Nat
It was a common misconception in the intelligence community, even among the ranks of SHIELD, that the Black Widow didn’t know how to love. That she was just a cold-hearted killer with no emotions except for satisfaction at completing a mission. Natasha Romanov certainly didn’t have a cold-heart, and she had experienced many types of love in her life.
She barely remembered her life before the Red Room, but she knows with certainty that Natalia Romanova had been loved at one point in her life. It was there in the red hair she remembers falling in a curtain from a smiling face above her. It was the faint lullabies she could barely pull from the darkest corners of her mind.
Natalie Sherman had known love too. Maybe not from the people pretending to be her parents, but from Helen, her younger sister, she knew unconditional love and adoration. And she loved Helen, Yelena, unconditionally in return. She learned how to be a sister in Ohio and she never stopped wanting to be that again.
To Natasha Romanoff, the love of a parent and the love of a sibling are familiar. Sure, now she remembers the parents, and now she has more siblings, but she’s still had that love before. Romantic love, though, she’s only felt that for one person. Her Masha.
Maria, who had instantly backed her older brother when he vouched for Natasha’s innocence. Maria, who was Natasha’s first friend. Masha, who loved so deeply, even when she couldn’t show it in public. It was there in the way that she made sure Natasha always had her favorite drink, hot cocoa, waiting on her desk on cold days. It was there in Maria getting a second desk chair in her office, so Natasha could work alongside her when the glares and stares from other SHIELD agents got to be too much. It was there in the way Masha called her “Talia” in private, in that sweet way she did. Masha, who shared her family, her parents, her brother, her sisters, with Natasha so freely. And, most of all, it was the way that Masha had been by her side when Natasha took down the Red Room, when she had to learn Yelena all over again, when Alexei was sent back to jail, screaming at his ‘daughters’ the whole way.

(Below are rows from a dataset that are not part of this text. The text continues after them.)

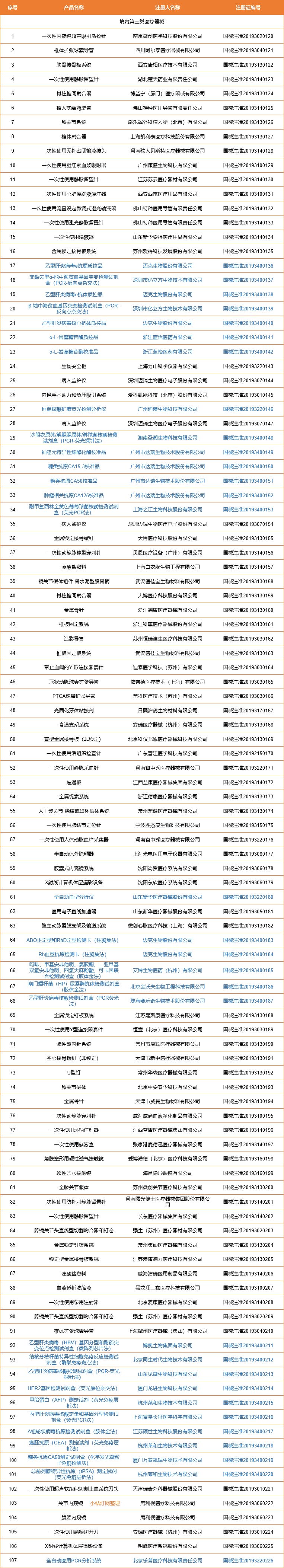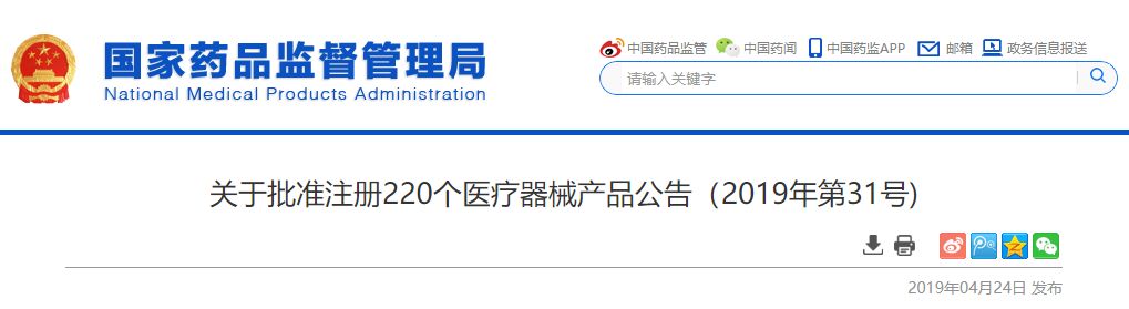 2019年3月,国家药品监督管理局共批准注册医疗器械产品220个。其中,境内第三类医疗器械产品107个,进口第三类医疗器械产品36个,进口第二类医疗器械产品76个,港澳台医疗器械产品1个(具体产品见下表,包含63项体外诊断产品)。 |
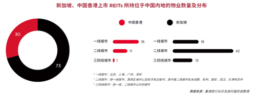 截至2019年底,新加坡和中國香港共有16支REITs持有中國內地103處商業不動產。2019年,兩地REITs在中國內地不動產交易十分活躍,共收購16處物業,處置3處物業。伴隨著內地消費升級和電商的快速發展,兩地REITs更多關注于內地零售類和工業物流類資產的收購機會。
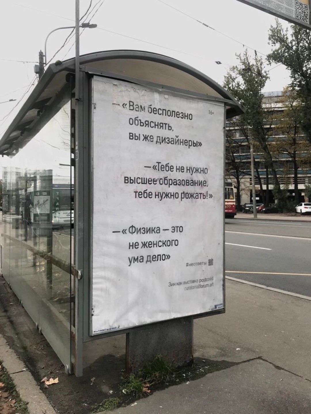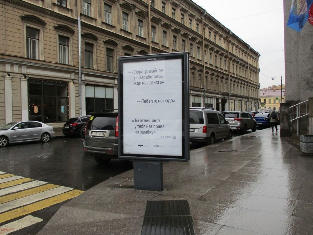 Важно, что этот проект придумали сами студенты — мы только помогли им его воплотить. Появление таких плакатов на улицах города — это способ привлечь внимание к проблемам, с которыми многие сталкиваются в процессе получения образования, в частности со стереотипами о выбранной профессии, неприятием выбора со стороны родителей, родственников, друзей («Дизайном не заработаешь») или навязывания заранее определенного шаблона поведения и навешивания ярлыков («Ты отличница, у тебя нет права на ошибку»), а также к частой ситуации, когда молодых людей лишают субъектности и права личного выбора («Тебе это не надо»). Кроме того — это выход феминистской повестки в городское пространство («Физика — не женского ума дело» и «Тебе не нужно высшее образование, тебе нужно рожать»). Кстати, проект посвящен не только гуманитарному образованию, мы говорили об образовательных процессах как важнейшей части социального устройства.
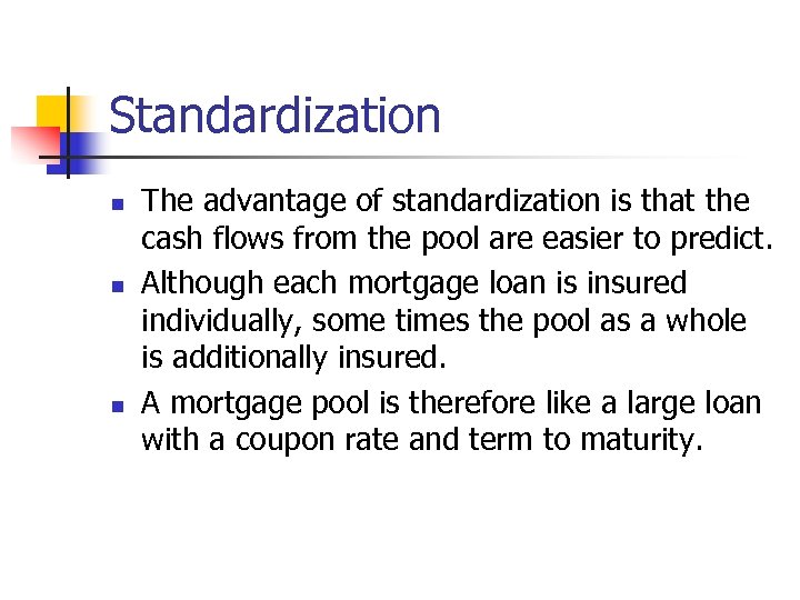 Standardization n n Before pooling mortgage loans care is taken to standardize the loans. This means that all the pooled loans will have: n n n The same rate of interest. The same period to maturity. The same kind of insurance. The same kind of property. And will come from the same geographical location.
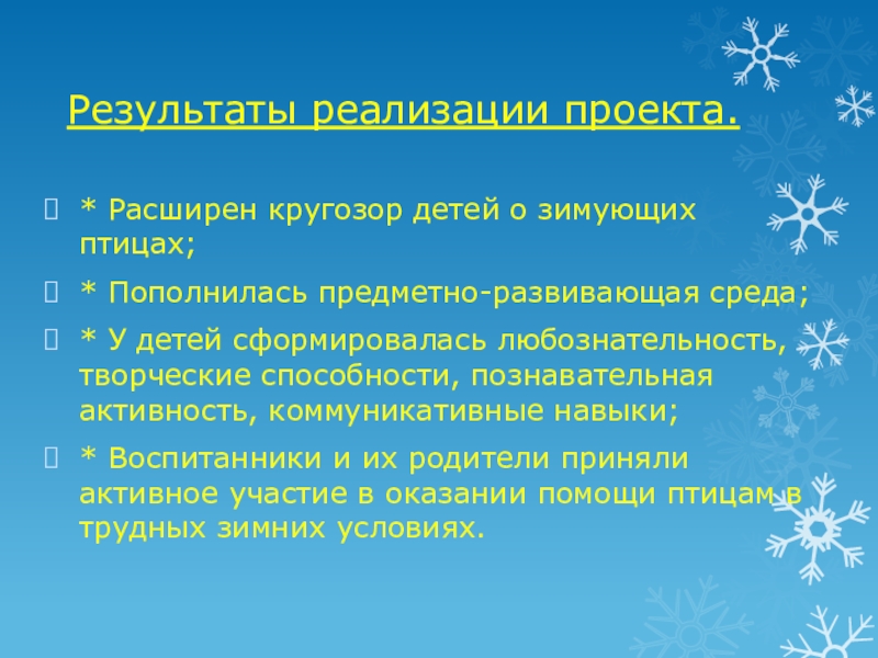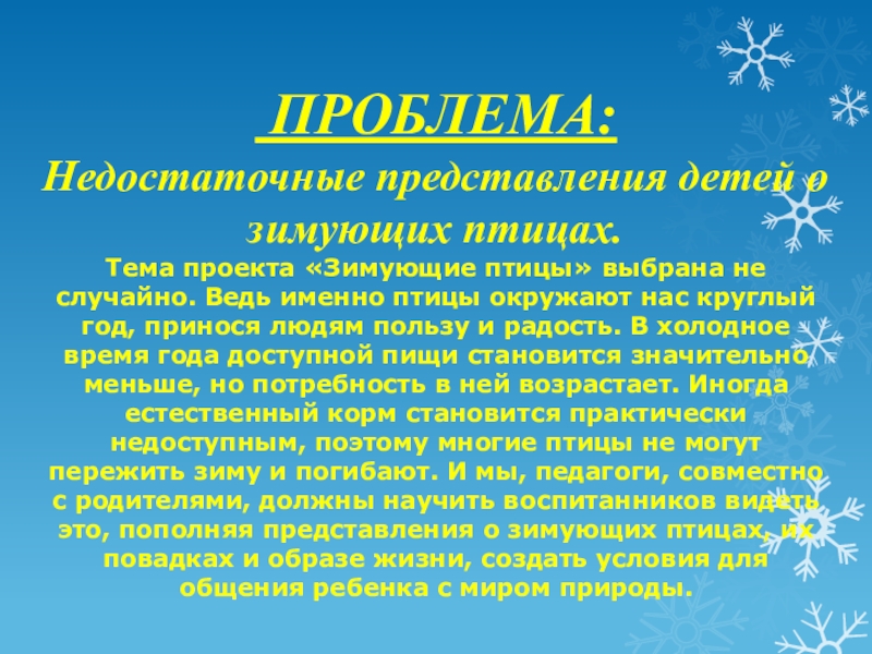 не случайно. Ведь именно птицы окружают нас круглый год, принося людям пользу и радость. В холодное время года доступной пищи становится значительно меньше, но потребность в ней возрастает. Иногда естественный корм становится практически недоступным, поэтому многие птицы не могут пережить зиму и погибают. И мы, педагоги, совместно с родителями, должны научить воспитанников видеть это, пополняя представления о зимующих птицах, их повадках и образе жизни, создать условия для общения ребенка с миром природы.
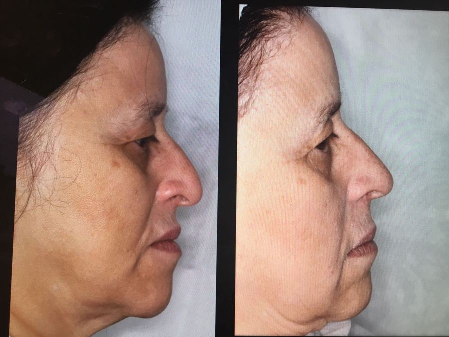 Arqueamento da ponta do nariz e leve preenchimento do dorso. Notem a fantástica mudança imediata.

They had been dating for almost three years, and Nat knew that Maria would never propose to her. Not because she didn’t want to but because Maria knew Nat got nervous when she wasn’t in control of the course of her life. Natasha wanted to pull out all the stops for her Masha, wanted to make the proposal the most memorable that it could be. But she knew Maria wasn’t like that. Maria was a private person, her love language was acts of service, which were always thoughtful, but never showy. She hated drawing what she called ‘unwarranted attention’, meaning any attention outside of what she needed to as a high-ranking SHIELD agent. No, Maria would hate a big, showy proposal.
Instead, Natasha proposed privately, in her and Masha’s apartment. They had been watching a rom-com together, one of their guilty pleasures. They always sat on their well loved couch, each wrapped in their own blanket (because they were both blanket hogs), laughing at and making fun of the predictable plots. Natasha had purposely picked one she knew had a proposal scene in it, and when the on-screen proposal happened, so did their real one. Masha had laughed so hard, and Natasha’s heart had soared at the thought that she had caused that sound.
Maria’s family had been so happy. Her parents had both known that it was going to happen, because Natasha had asked for their blessing. They had given it enthusiastically. Maria’s siblings had been just as thrilled. Clint had laughed about being even more outnumbered by sisters, to which all four of them jumped on him and pummeled him with pillows. As Natasha sat in the living room of her fiance’s parents’ house, surrounded by most of the people that she loved and that loved her in return, she thought about how many minds would be blown if they could see her now, and she laughed.